* Data shown:
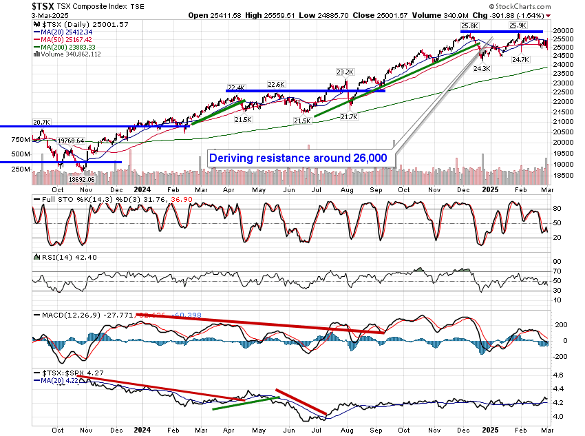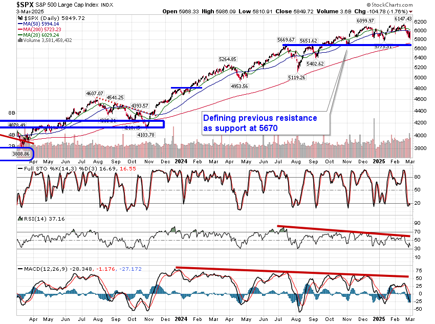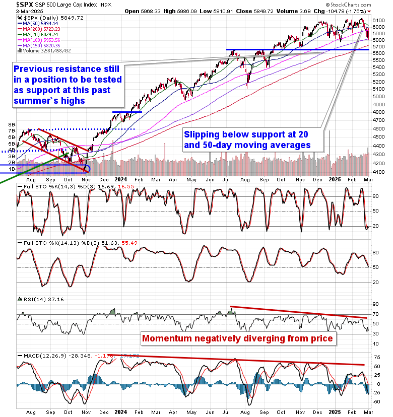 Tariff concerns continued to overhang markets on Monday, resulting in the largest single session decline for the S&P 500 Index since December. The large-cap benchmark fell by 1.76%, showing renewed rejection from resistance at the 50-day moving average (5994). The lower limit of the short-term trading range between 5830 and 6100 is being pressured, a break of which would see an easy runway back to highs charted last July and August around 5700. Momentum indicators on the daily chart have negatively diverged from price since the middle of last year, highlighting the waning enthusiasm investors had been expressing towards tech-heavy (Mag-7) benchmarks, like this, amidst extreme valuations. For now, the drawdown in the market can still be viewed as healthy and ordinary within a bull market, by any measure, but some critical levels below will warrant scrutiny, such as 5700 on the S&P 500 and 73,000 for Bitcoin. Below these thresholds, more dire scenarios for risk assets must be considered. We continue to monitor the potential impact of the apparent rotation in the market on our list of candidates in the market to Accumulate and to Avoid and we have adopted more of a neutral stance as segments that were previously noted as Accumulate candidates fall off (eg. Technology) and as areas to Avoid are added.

* * *

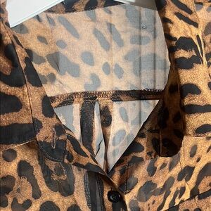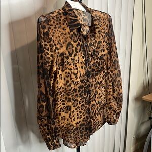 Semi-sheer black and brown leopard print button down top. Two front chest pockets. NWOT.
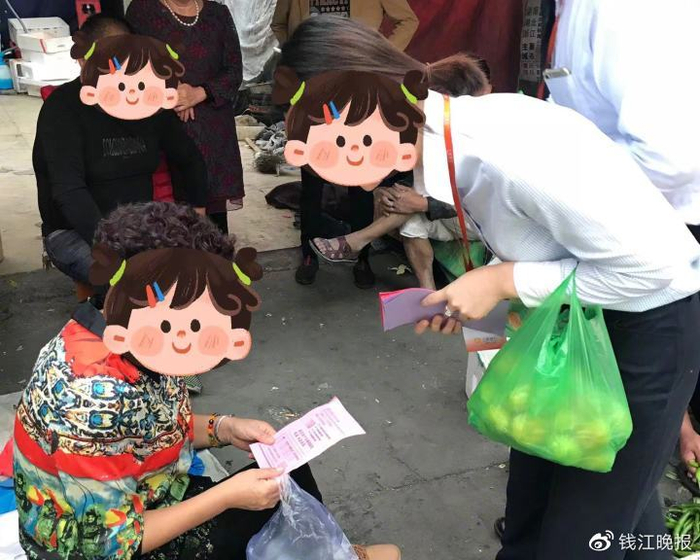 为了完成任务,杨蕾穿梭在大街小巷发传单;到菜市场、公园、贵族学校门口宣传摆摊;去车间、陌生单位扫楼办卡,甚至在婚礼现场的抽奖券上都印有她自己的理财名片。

...

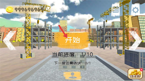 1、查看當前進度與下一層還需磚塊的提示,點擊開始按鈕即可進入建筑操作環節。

* What to do: Transcribe, word for word, the stretch of lines in the data above from the one with "Semi-sheer black and" through the one with "为了完成任务,杨蕾穿梭在大街"; omit all pictures.

* Answer to the problem:
 Semi-sheer black and brown leopard print button down top. Two front chest pockets. NWOT.
 为了完成任务,杨蕾穿梭在大街小巷发传单;到菜市场、公园、贵族学校门口宣传摆摊;去车间、陌生单位扫楼办卡,甚至在婚礼现场的抽奖券上都印有她自己的理财名片。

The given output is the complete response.